The cell walls of yeast cells possess a large mannan structure mainly comprising of a linear α1,6-linked mannose oligomer on the N-linked glycans. The biosynthesis of the mannan is initiated by ScOch1p α1,6-mannosyltransfease, and elongated by the mannan polymerase complexes M-Pol I and II in the Golgi of Saccharomyces cerevisiae. Here, we functionally characterized SpMnn9 and SpAnp1 proteins in the fission yeast Schizosaccharomyces pombe; these proteins are homologs of S. cerevisiae M-Pol II complex proteins ScMnn9p and ScAnp1p. Cells harboring disruptions in Spmnn9⁺ and Spanp1⁺ genes showed slower growth at 37°C and an increased sensitivity to hygromycin B, characteristic of a glycosylation defect. Results obtained from the acid phosphatase assay and high-performance liquid chromatography analysis of N-linked glycans in Spmnn9Δ and Spanp1Δ mutants suggested that the mannan structure in S. pombe is synthesized sequentially by the α-mannosyltransferases in the order of SpOch1p, SpMnn9p and SpAnp1p. Immunoprecipitation and split YFP analyses demonstrated that SpMnn9p and SpAnp1p form the M-Pol-II like complex. Together, these results provided an improved understanding of the mechanism of mannan synthesis by SpMnn9p and SpAnp1p in S. pombe.

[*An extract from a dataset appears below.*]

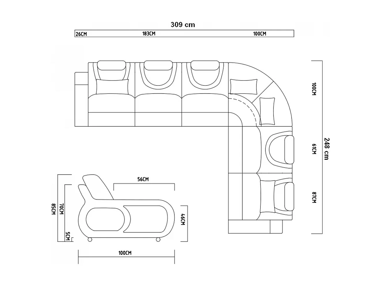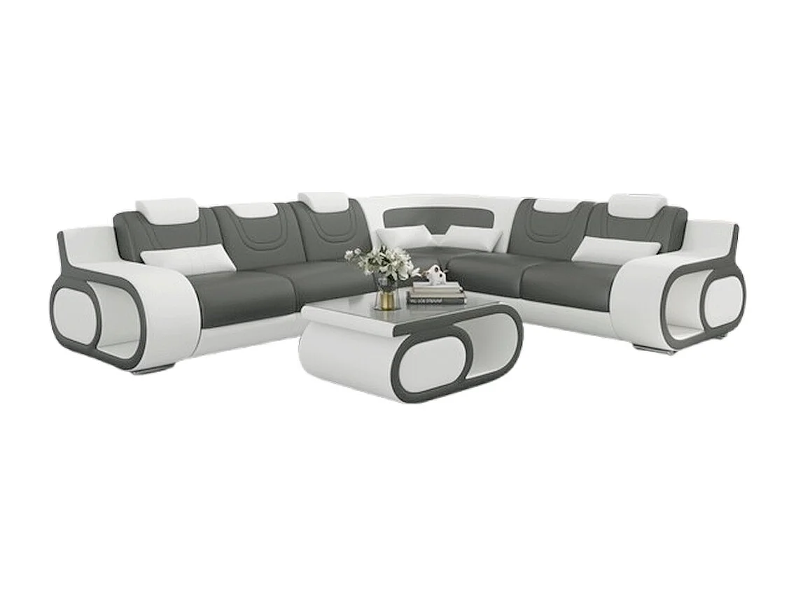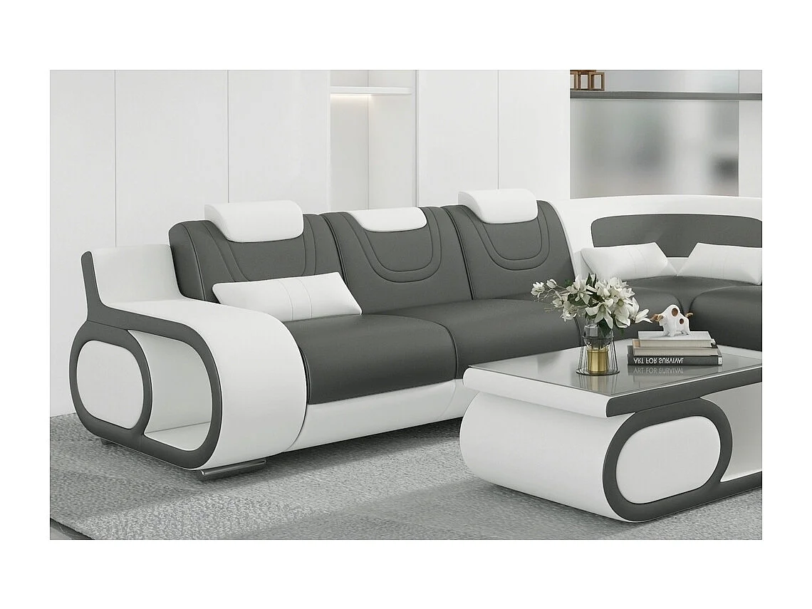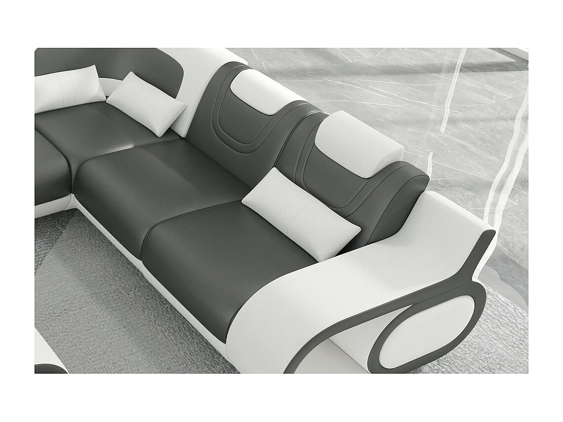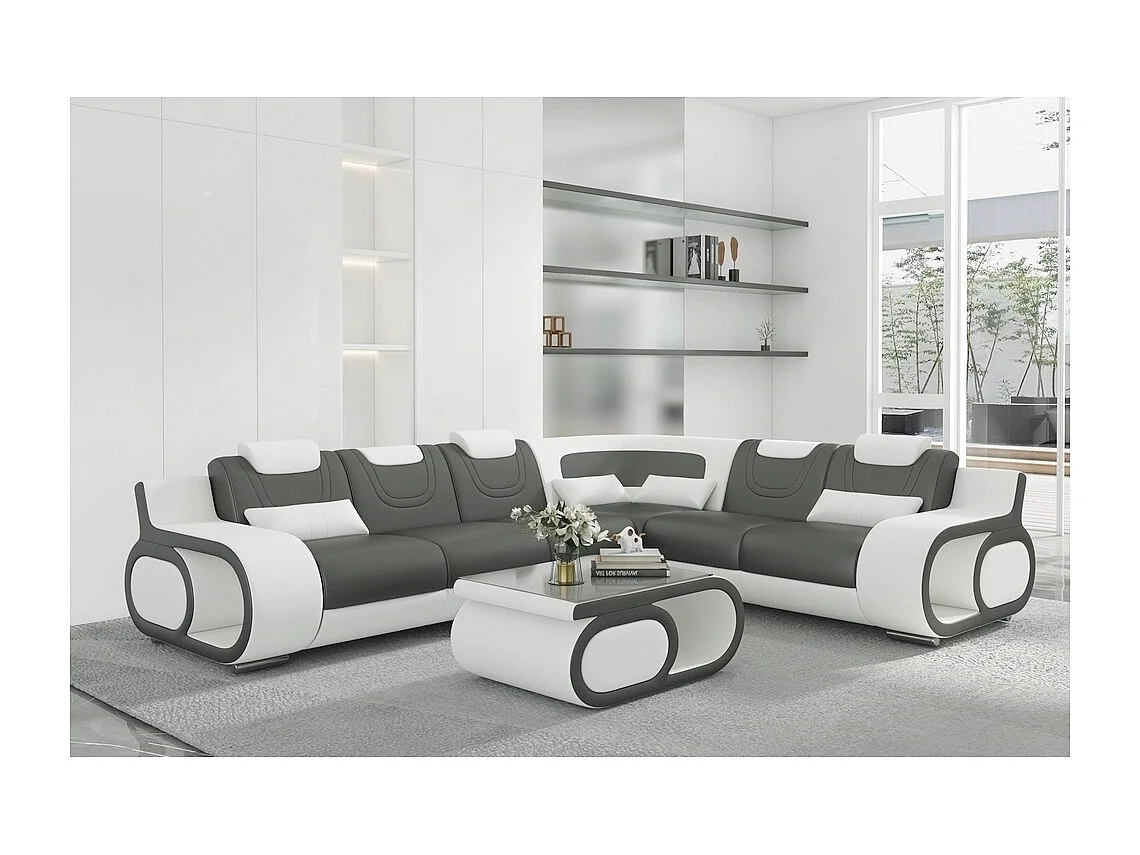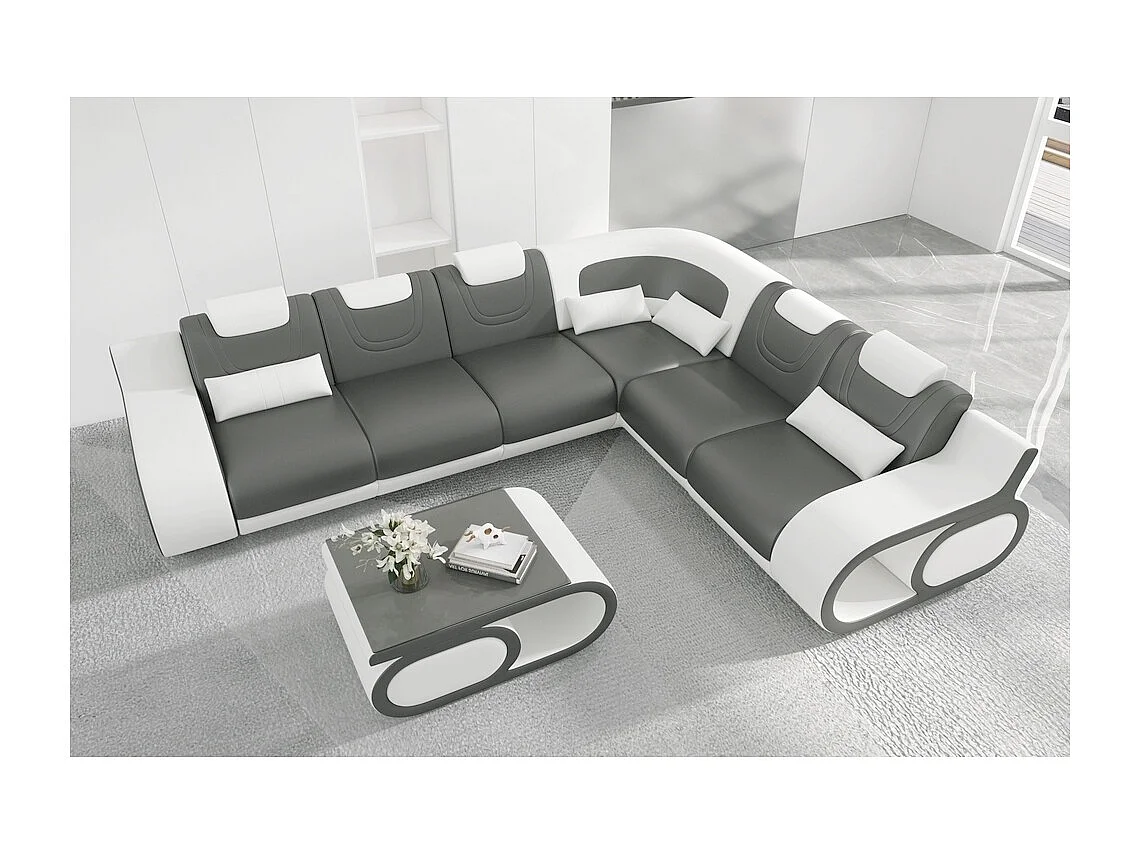 Canapé d'angle en cuir italien 7 places LUXEMBOURG, gris foncé et blanc, angle droit + table

酵母细胞的细胞壁具有大的甘露聚糖结构，主要由N-连接的聚糖上的线性α1,6-连接的甘露糖寡聚物组成。甘露聚糖的生物合成由Sc Och1pα1,6-甘露糖基转移酶引发，并由酿酒酵母高尔基体中的甘露聚糖聚合酶复合物M-Pol I和II延长。在这里，我们功能上裂殖酵母裂殖酵母中的Sp Mnn9和Sp Anp1蛋白的功能；这些蛋白是酿酒酵母M-Pol II复合蛋白Sc Mnn9p和Sc Anp1p的同源物。Spmnn9 ^+中具有破坏作用的细胞Spanp1 ⁺和Spanp1 ⁺基因在37°C时生长较慢，并且对潮霉素B（糖基化缺陷的特征）的敏感性增加。酸性磷酸酶测定和高效液相色谱分析Spmnn9Δ和Spanp1Δ突变体中N联聚糖的结果表明，粟酒裂殖酵母中的甘露聚糖结构由α-甘露糖基转移酶按Sp Och1p的顺序顺序合成，Sp Mnn9p和Sp Anp1p。免疫沉淀和YFP分裂分析表明Sp Mnn9p和SpAnp1p形成M-Pol-II样复合物。总之，这些结果提供了对S. pombe中Sp Mnn9p和Sp Anp1p甘露聚糖合成机理的更好理解。